**Instructions to follow:** Go to the line with "实现高效率与高稳定性并存:正" in the entries below and write out every line from there through the line with "긴 원목 책상, 빽빽한 책장, 손글씨로 남겨진 방명록.", exactly and without pictures.
━━━━
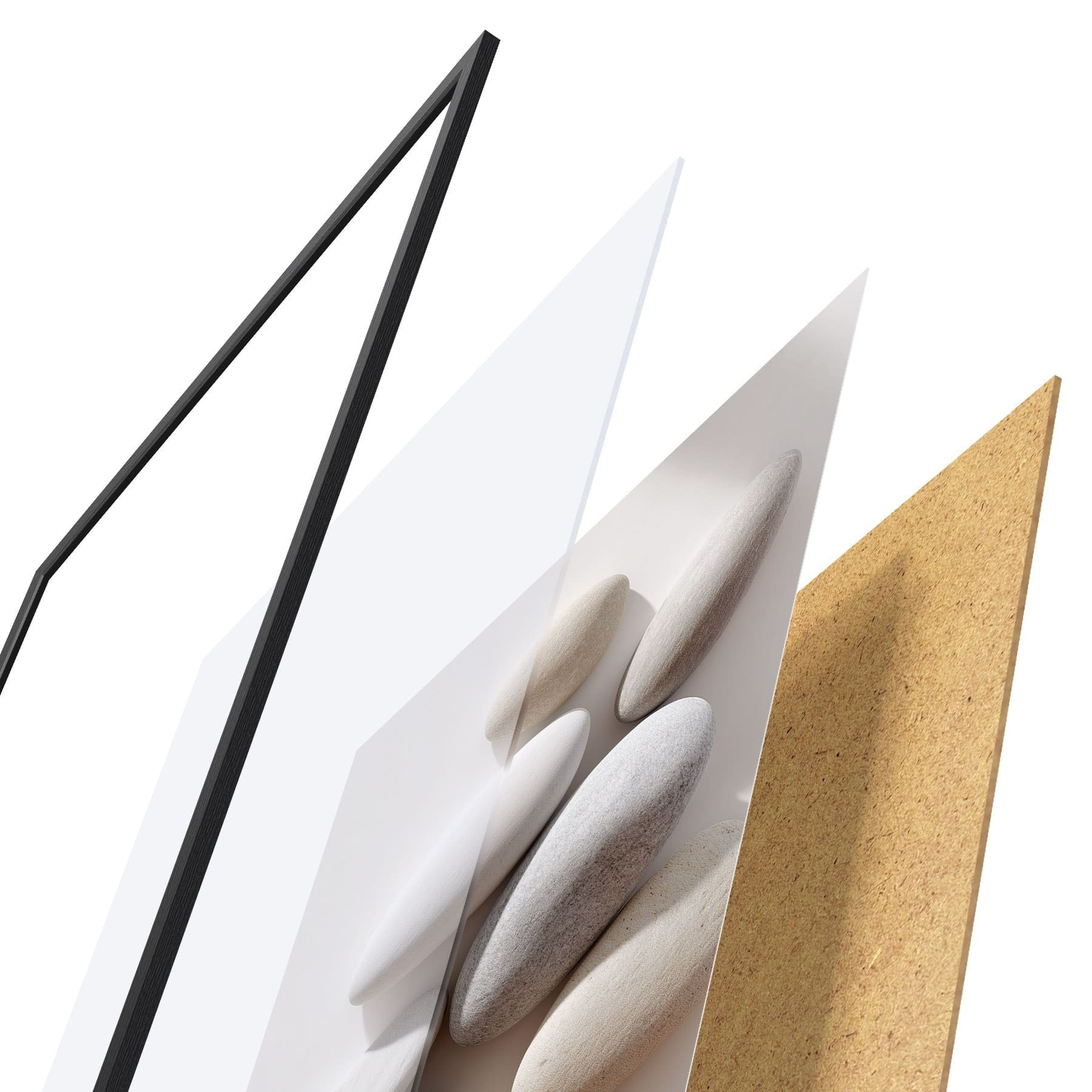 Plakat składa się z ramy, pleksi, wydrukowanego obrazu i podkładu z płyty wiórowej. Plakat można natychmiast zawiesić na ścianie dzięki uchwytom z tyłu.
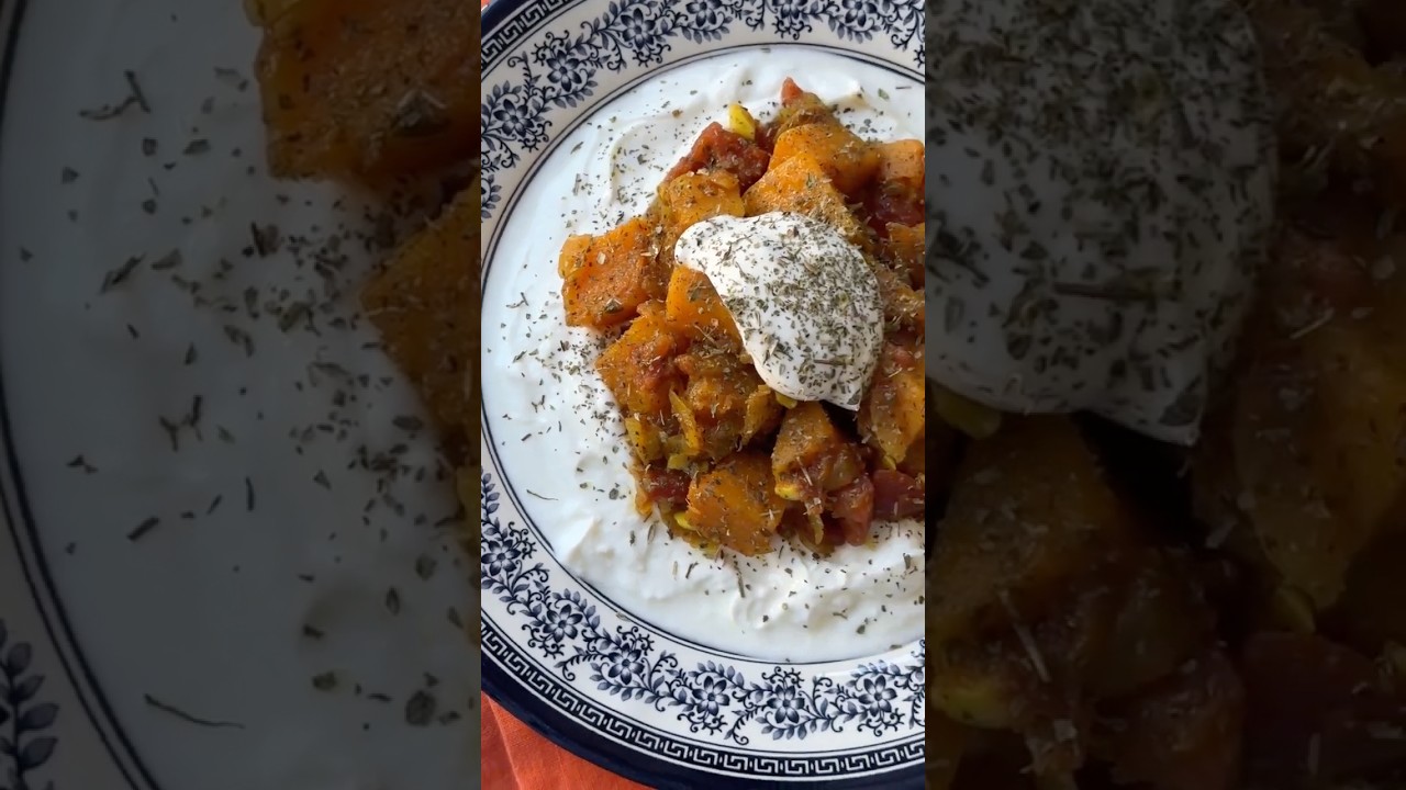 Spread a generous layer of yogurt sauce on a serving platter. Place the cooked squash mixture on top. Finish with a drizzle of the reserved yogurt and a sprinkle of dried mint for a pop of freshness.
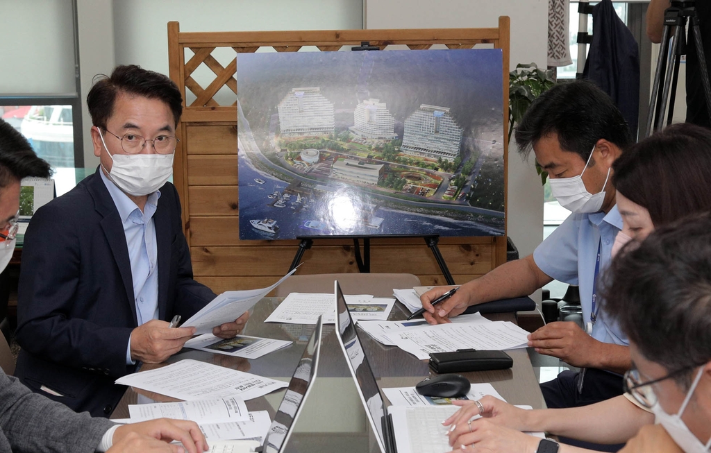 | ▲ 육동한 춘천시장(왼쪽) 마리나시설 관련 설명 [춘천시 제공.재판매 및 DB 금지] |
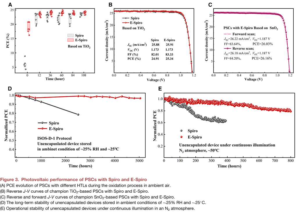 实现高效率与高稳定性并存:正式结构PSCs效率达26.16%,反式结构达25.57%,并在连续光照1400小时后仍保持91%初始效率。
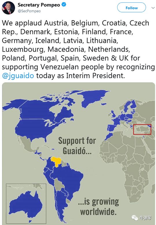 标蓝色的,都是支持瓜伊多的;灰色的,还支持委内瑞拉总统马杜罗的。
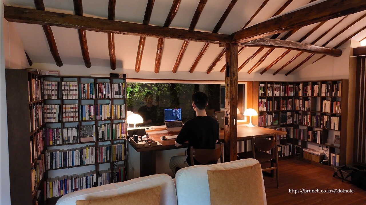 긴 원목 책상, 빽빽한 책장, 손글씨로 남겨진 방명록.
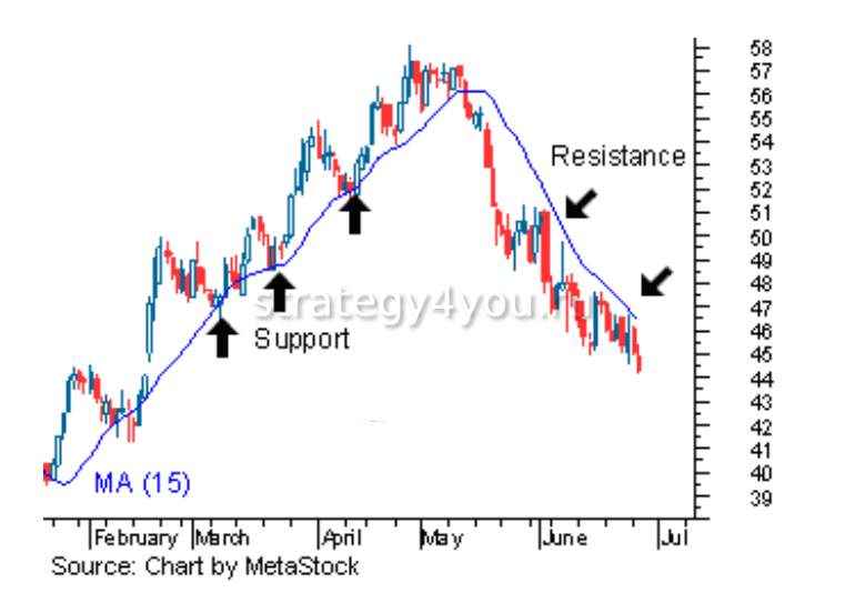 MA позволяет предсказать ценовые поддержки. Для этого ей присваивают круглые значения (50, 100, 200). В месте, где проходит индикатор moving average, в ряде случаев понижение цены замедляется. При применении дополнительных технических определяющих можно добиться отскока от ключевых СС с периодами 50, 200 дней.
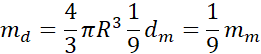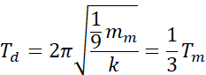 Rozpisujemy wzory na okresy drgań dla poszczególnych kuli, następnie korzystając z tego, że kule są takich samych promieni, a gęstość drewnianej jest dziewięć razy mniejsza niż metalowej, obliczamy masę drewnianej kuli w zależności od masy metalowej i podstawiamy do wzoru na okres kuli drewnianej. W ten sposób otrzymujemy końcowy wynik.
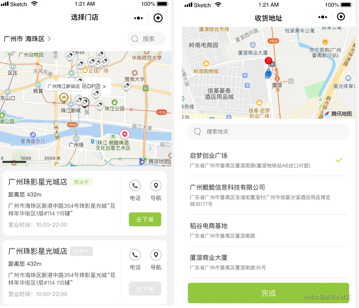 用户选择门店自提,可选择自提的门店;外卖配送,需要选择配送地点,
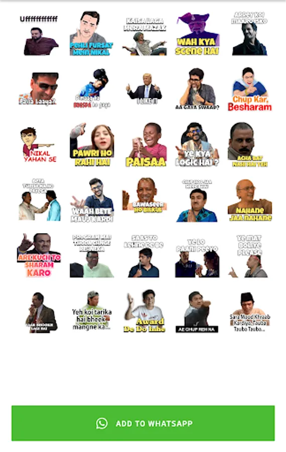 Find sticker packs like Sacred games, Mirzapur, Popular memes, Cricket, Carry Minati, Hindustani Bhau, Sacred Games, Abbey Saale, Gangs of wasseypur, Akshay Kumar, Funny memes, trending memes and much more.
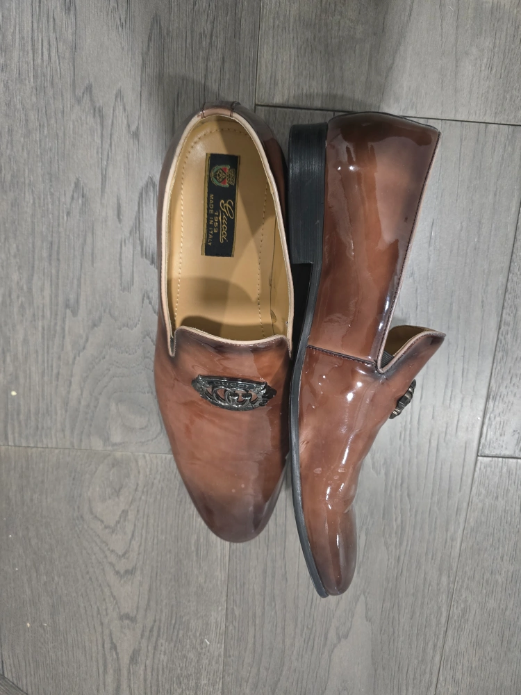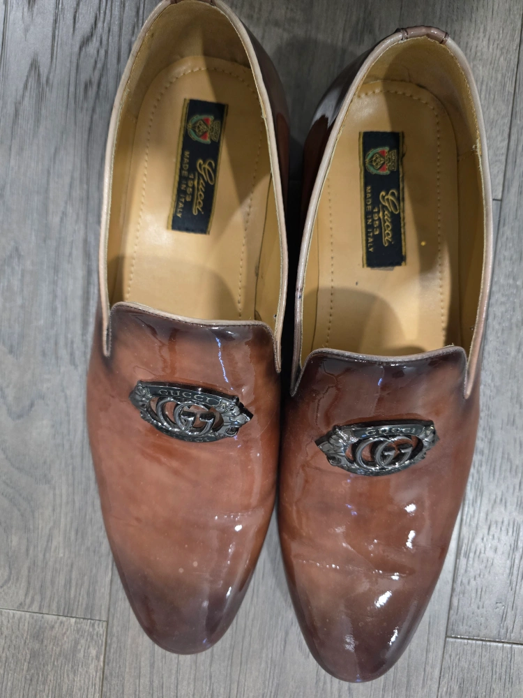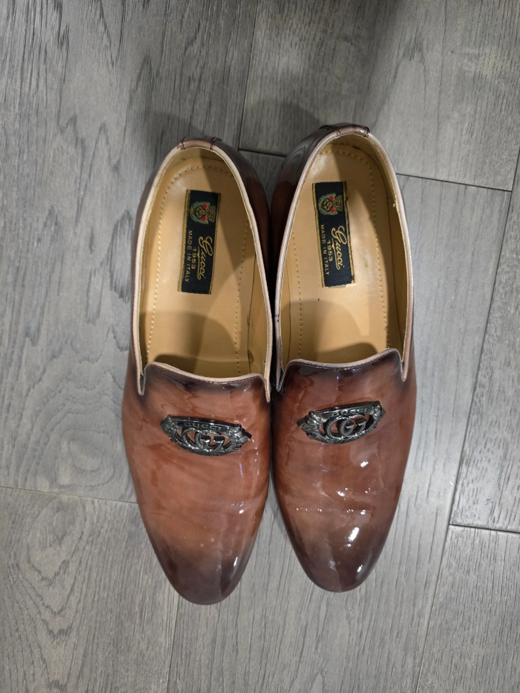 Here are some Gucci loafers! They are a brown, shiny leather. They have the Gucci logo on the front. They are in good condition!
━━━━
**Exercise solution:**
 实现高效率与高稳定性并存:正式结构PSCs效率达26.16%,反式结构达25.57%,并在连续光照1400小时后仍保持91%初始效率。
 标蓝色的,都是支持瓜伊多的;灰色的,还支持委内瑞拉总统马杜罗的。
 긴 원목 책상, 빽빽한 책장, 손글씨로 남겨진 방명록.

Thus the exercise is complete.